====== PROVIDED MATERIAL ======

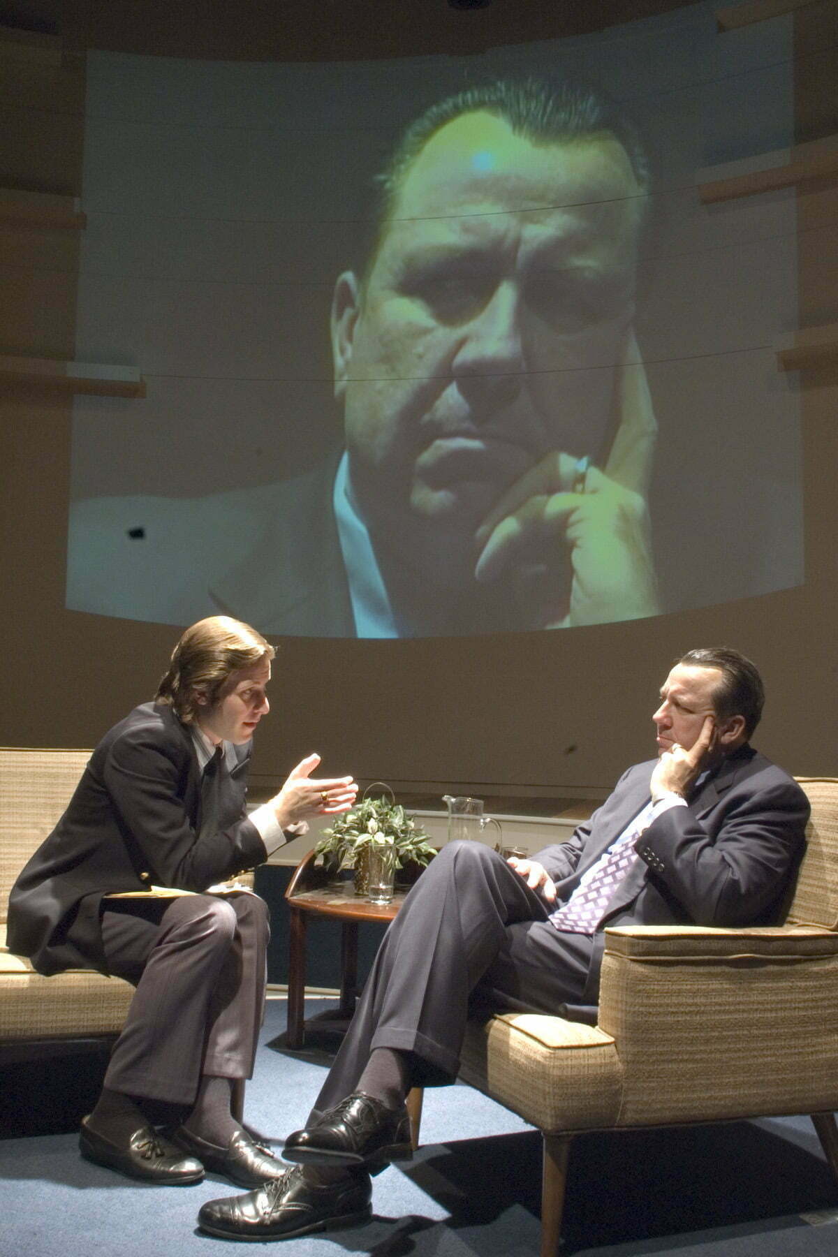 Terry Hamilton’s facial expression, jumpy eyes and restrained vocal tones were riveting. he has internalized Nixon’s psyche. Andrew Carter is smoothly nails Nixon in that last interview that the TV monitors caught him and Nixon in complete synchronicity. What a wonderful theatrical moment!
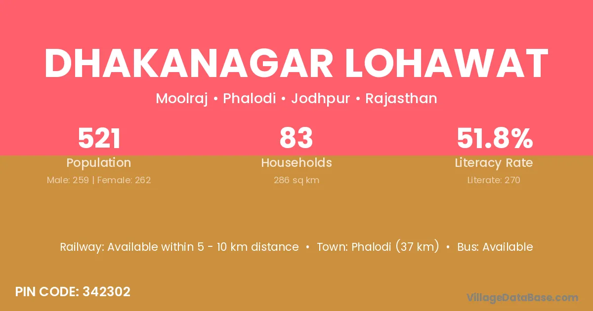 Phalodi (37 km) is the nearest town to Dhakanagar Lohawat village for major economic activities and is located approximately 37 km away.
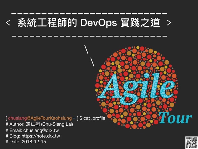 * Blog 文章:https://note.drx.tw/2018/12/devops-practice-of-system-engineer.html
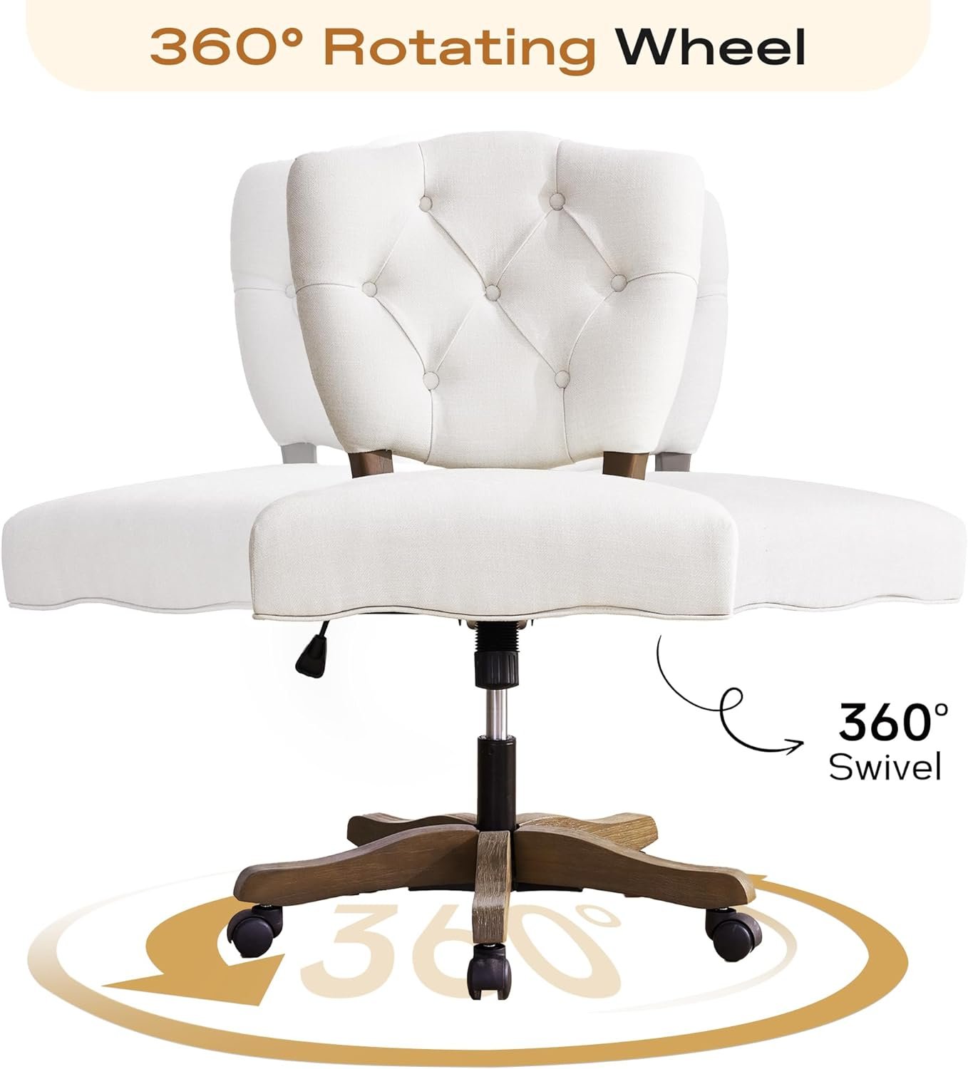 HUIMO Upholstered Swivel Desk Chair Chenille Tufted Fabric Home Office Chair with Wheels Adjustable Height Classic Task Chair with Wooden Legs Comfortable Armless Chair for Studio Study (Beige)

======

» ABOUT THIS TASK
What you return must match the material above exactly, apart from its pictures.

» TASK RESULT
 Terry Hamilton’s facial expression, jumpy eyes and restrained vocal tones were riveting. he has internalized Nixon’s psyche. Andrew Carter is smoothly nails Nixon in that last interview that the TV monitors caught him and Nixon in complete synchronicity. What a wonderful theatrical moment!
 Phalodi (37 km) is the nearest town to Dhakanagar Lohawat village for major economic activities and is located approximately 37 km away.
 * Blog 文章:https://note.drx.tw/2018/12/devops-practice-of-system-engineer.html
 HUIMO Upholstered Swivel Desk Chair Chenille Tufted Fabric Home Office Chair with Wheels Adjustable Height Classic Task Chair with Wooden Legs Comfortable Armless Chair for Studio Study (Beige)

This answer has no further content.